We have determined 〈S2〉, A2 and [η] in methanol at 25.0 °C for two types of PDEA samples synthesized by radical polymerization in tert-butanol and benzene by the use of AIBN as an initiator, and these samples are referred to as PDEA-T and PDEA-B samples, respectively. All of the 〈S2〉, A2 and [η] values for the two types of PDEA samples agree well with each other in the studied Mw range. In addition, the slopes of the double-logarithmic plots of these quantities against Mw as well as the Ψ and Φ values are consistent with those of linear flexible polymers with large Mw in good solvents. On the basis of these results, the primary structure of both the PDEA-T and PDEA-B samples is linear. In addition, 13C NMR spectroscopy was used to determine the fr values of the two types of PDEA samples, and the PDEA-T samples were more syndiotactic than the PDEA-B samples.

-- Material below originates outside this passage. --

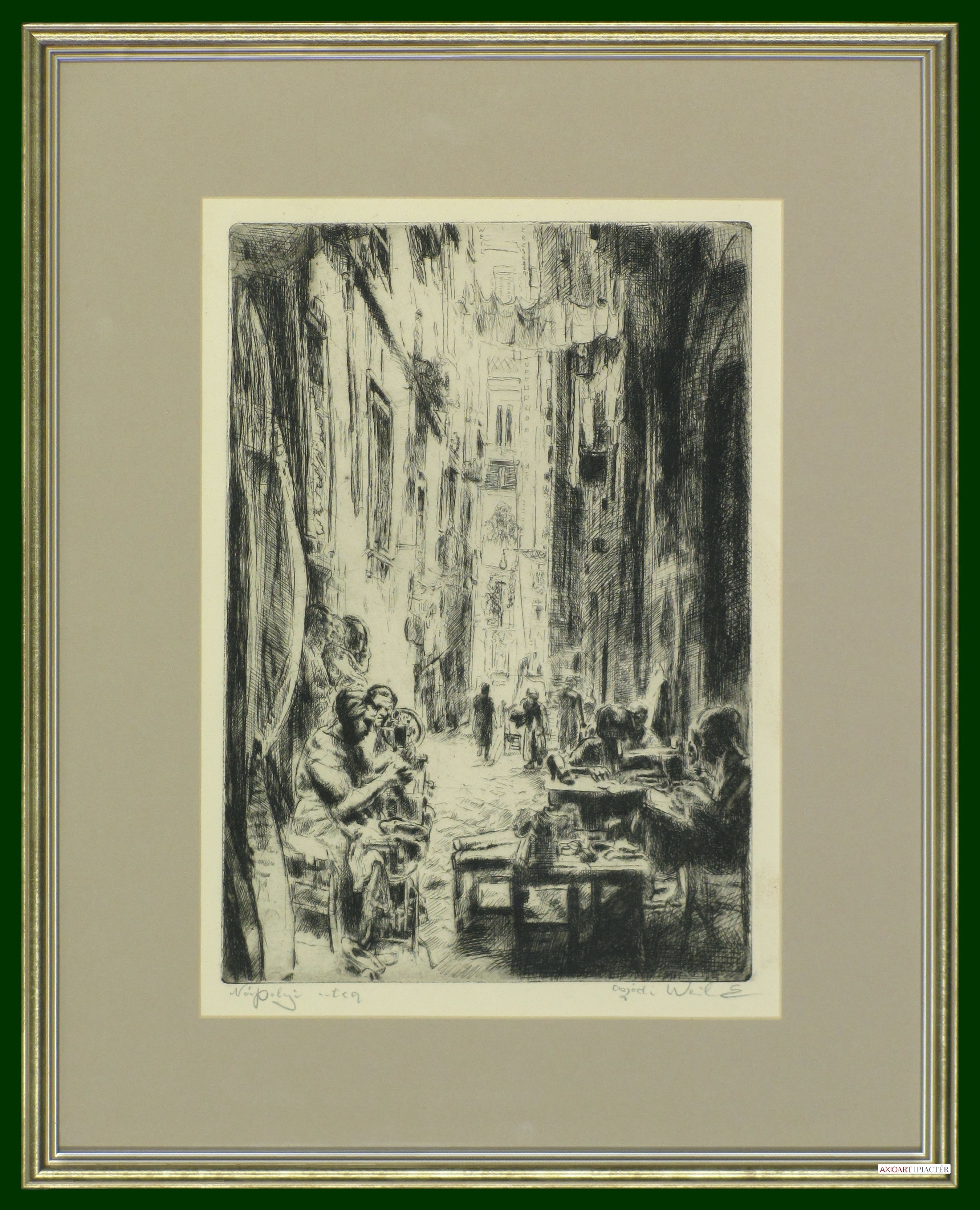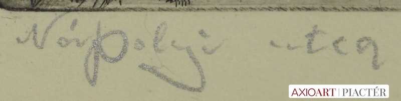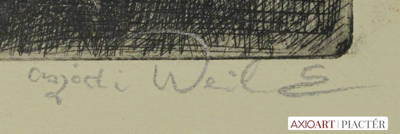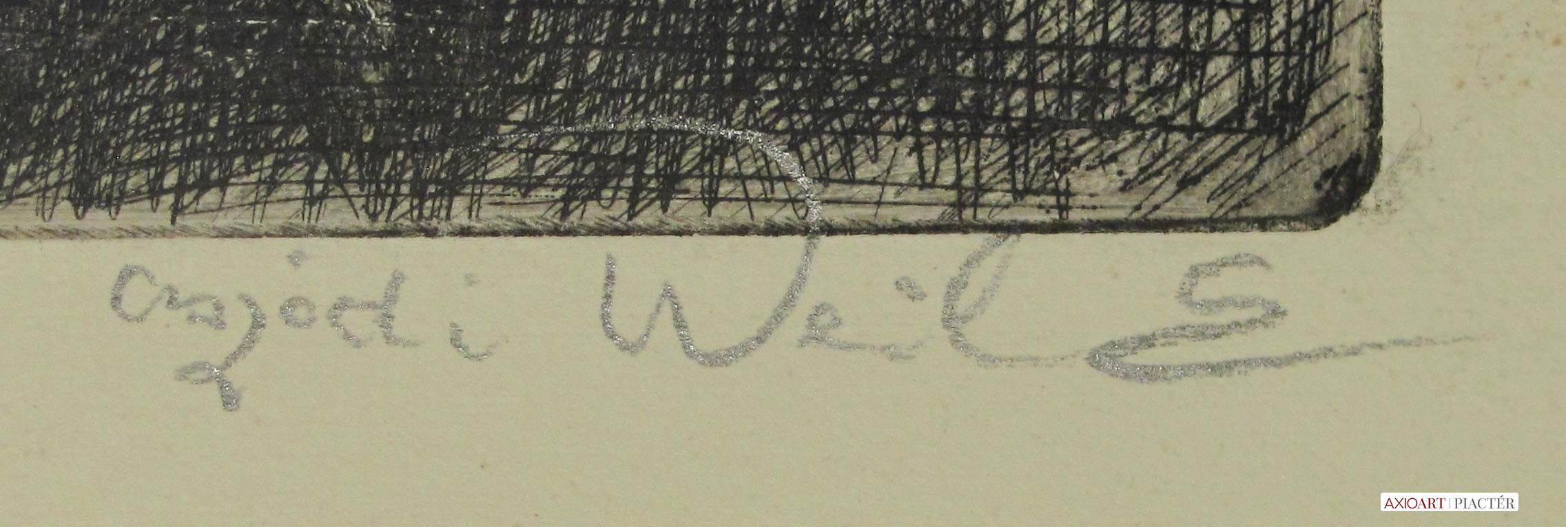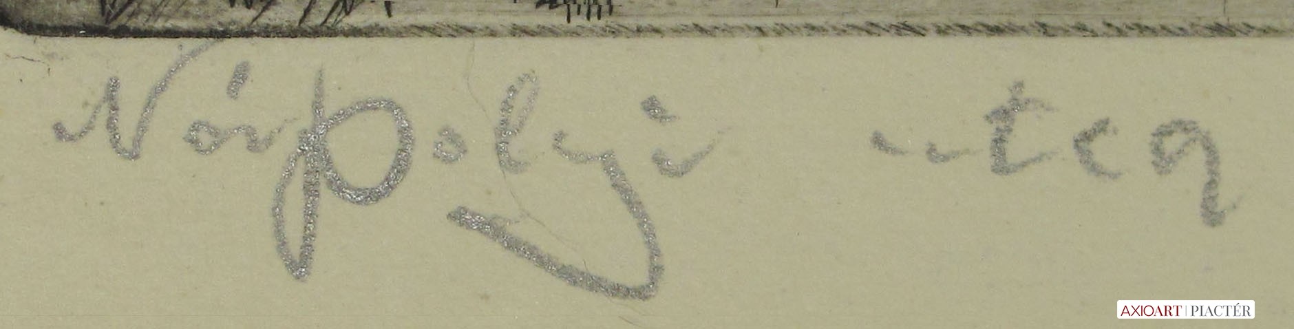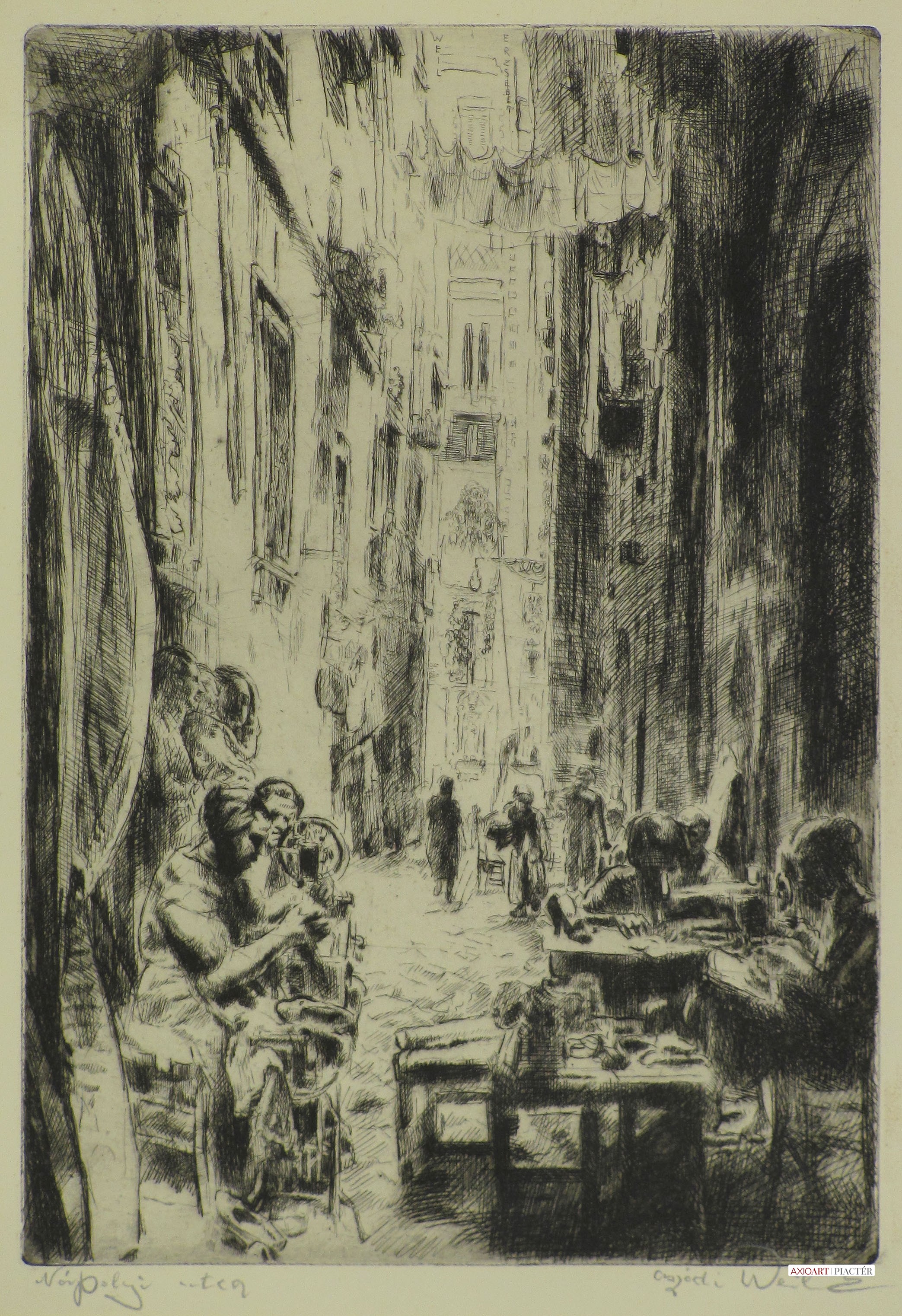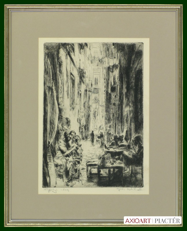 [FK2427/Bp205/9] A kép mérete: 31 x 21,5 cm keret nélkül. Készült: Rézkarc, Papír A kép Aszódi Weil Erzsébet (Budapest, 1901, Budapest, 1976) alkotása. Jelezve Lent "Nápolyi utca, Aszódi Weil E (ceruzával)" A festmény jó állapotban van. Keret: Új Magyar festők és grafikusok életrajzi lexikona I-II. Grafikus és festő. A budapesti Képzőművészeti Főiskolán Deák-Ébner Lajos és Olgyai Viktor tanítványa volt, majd Fényes Adolf mellett képezte magát. 1922-25 között a Szinyei Társaságtól ösztöndíjakat és kitüntető elismeréseket kapott. 1927-ben Párizsban folytatott stúdiumokat. Tanulmányúton járt Olaszországban, majd Balcsikban dolgozott. 1926-ban, 1930-ban és 1933-ban gyűjteményes kiállítása volt az Ernst Múzeumban, 1960-ban a Derkovits Teremben. Témáit főként a falu sugallta: az élet apró jelenetei, a munka, de elsősorban a táj. Kiállításokon többnyire realista szemléletű alakos rézkarcokkal, valamint tájképekkel szerepelt (Csábítás, Krisztus és a házasságtörő nő, Vihar előtt, stb.). 1929-ben Zichy-díjjal jutalmazták. 1953-ban, 1961-ben Munkácsy-díjban, 1975-ben Érdemes Művész kitüntető elismerésben részesült. Több rézkarca a Magyar Nemzeti Galéria tulajdona. (Éber, ML, MÉ,F.J.: Műv. 1971/8) Magyar festők és grafikusok életrajzi lexikona I-II. Műgyűjtők és kereskedők kézikönyve Grafikus és festő. A budapesti Képzőművészeti Főiskolán Deák-Ébner Lajos és Olgyai Viktor tanítványa volt, majd Fényes Adolf mellett képezte magát. 1922-25 között a Szinyei Társaságtól ösztöndíjakat és kitüntető elismeréseket kapott. 1927-ben Párizsban folytatott tanulmányokat. Tanulmányúton járt Itáliában. Balcsikban is dolgozott. 1926-ban, 1930-ban és 1933-ban gyűjteményes kiállítása volt az Ernst Múzeumban, 1960-ban a Derkovits Teremben. Témáit főként a falu sugallja: az élet apró jelenetei, a munka, de elsősorban a táj. Kiállításokon többnyire realista szemléletű figurális rézkarcokkal, valamint tájképekkel szerepelt (Csábítás, Krisztus és a házasságtörő nő, Vihar előtt, stb.). 1929-ben Zichy-díjjat kapott. 1953-ban és 1961-ben Munkácsy-díjban, 1975-ben Érdemes Művész kitüntető elismerésben részesült. Több rézkarca a MNG tulajdona. (Éber, ML, MÉ,F.J.: Műv. 1971/8) Magyar festők és grafikusok adattára Munkácsy-díjas festő. A Képzőművészeti Főiskolán Olgyai Viktor tanítványa volt, majd Fényes Adolfnál tanult. 1922-1925-ben a Szinyei Társaságtól ösztöndíjakat és kitüntető elismeréseket kapott. 1927-ben Párizsban folytatott tanulmányokat. 1926-ban, 1930-ban és 1933-ban gyűjteményes kiállítása nyílt az Ernst Múzeumban. 1960-ban a Derkovits Teremben, 1971-ben a Dürer Teremben volt kiállítása. Több rézkarca a Magyar Nemzeti Galéria tulajdona. 1975-ben érdemes művész kitüntető elismerésben részesült. - ML. Művészeti lexikon I-IV. Festő, grafikus, Munkácsy-díjas. A Képzőművészeti Főiskolán Olgyai Viktor tanítványa volt, majd Fényes Adolfnál tanult. 1922-25-ben a Szinyei Társaságtól ösztöndíjakat és kitüntető elismeréseket kapott. 1927-ben Párizsban folytatott tanulmányokat. 1926-ban, 1930-ban és 1933-ban gyűjt. kiállítása nyílt az Ernst Múzeumban. A felszabadulás óta főleg üzemek és termelőszövetkezetek életét ábrázolja impresszionisztikus jellegű rézkarcain. Számos kiállításon vett részt. 1960-ban a Derkovits Teremben volt gyűjt. kiállítása. Több rézkarca a Nemz. Gal. tulajdona. Művész életrajzok kortárs magyar képzőművészek A Képzőművészeti Főiskolán Deák-Ébner Lajos és Olgyai Viktor növendékeként tanult. Tanulmányúton Francia- és Olaszországban, Jugoszláviában és Bulgáriában járt. Első önálló kiállítása 1926-ban volt az Ernst Múzeumban; az utóbbi években a Derkovits Teremben (1960) és a Dürer Teremben (1971) mutatta be gyűjteményes anyagát. 1922-ben a Szinyei Társaság festészeti díját, 1929-ben a Zichy grafikai díjat nyerte el; 1953-ban és 1961-ben Munkácsy-díjat, 1975-ben érdemes művészi címet kapott. - Az alakos kompozíciók és a tájkép állt hozzá a legközelebb, mert érzékeny, a hangulatok iránt fogékony művészalkata itt talált leginkább önmagára. Az élet derűs oldalait kereső, realista szemléletű grafikáiban a fény- és árnyékhatások kiváló kiaknázójának bizonyult.
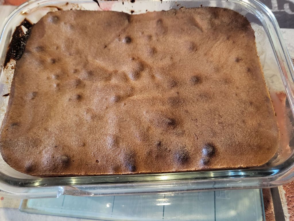 Au micro-ondes faire fondre le beurre et le chocolat. Mélanger cette préparation à la précendente et mélanger.

For the aqueous solutions of the PDEA-T and PDEA-B samples, the cloud-point curves have been determined for a weight fraction w of 0.5% up to 25%. The cloud point at a given w decreased with increasing Mw for both types of PDEA samples, and this Mw dependence is in contrast to the previous results5 for PNIPA samples synthesized in tert-butanol and benzene with AIBN as an initiator. In addition, the cloud-point curve for each PDEA sample has a critical point, and the aqueous solutions of the PDEA samples exhibit a phase separation into two transparent liquid phases, which has not been previously observed for aqueous PNIPA solutions. The critical point for the PDEA-T and PDEA-B samples moved to the upper right with decreasing Mw, as predicted from conventional polymer solution thermodynamics.10 Therefore, the aqueous solutions of the PDEA-T and PDEA-B samples exhibit typical (and normal) lower critical solution temperature type phase diagram which is substantially different from that observed for aqueous PNIPA solutions. Furthermore, the cloud point is typically higher for the PDEA-B samples than for the PDEA-T samples, even though both samples have the same hydrophobic chain-end groups and no branch points. The difference in the cloud point between the two types of PDEA samples may arise from the differences in their stereochemical composition.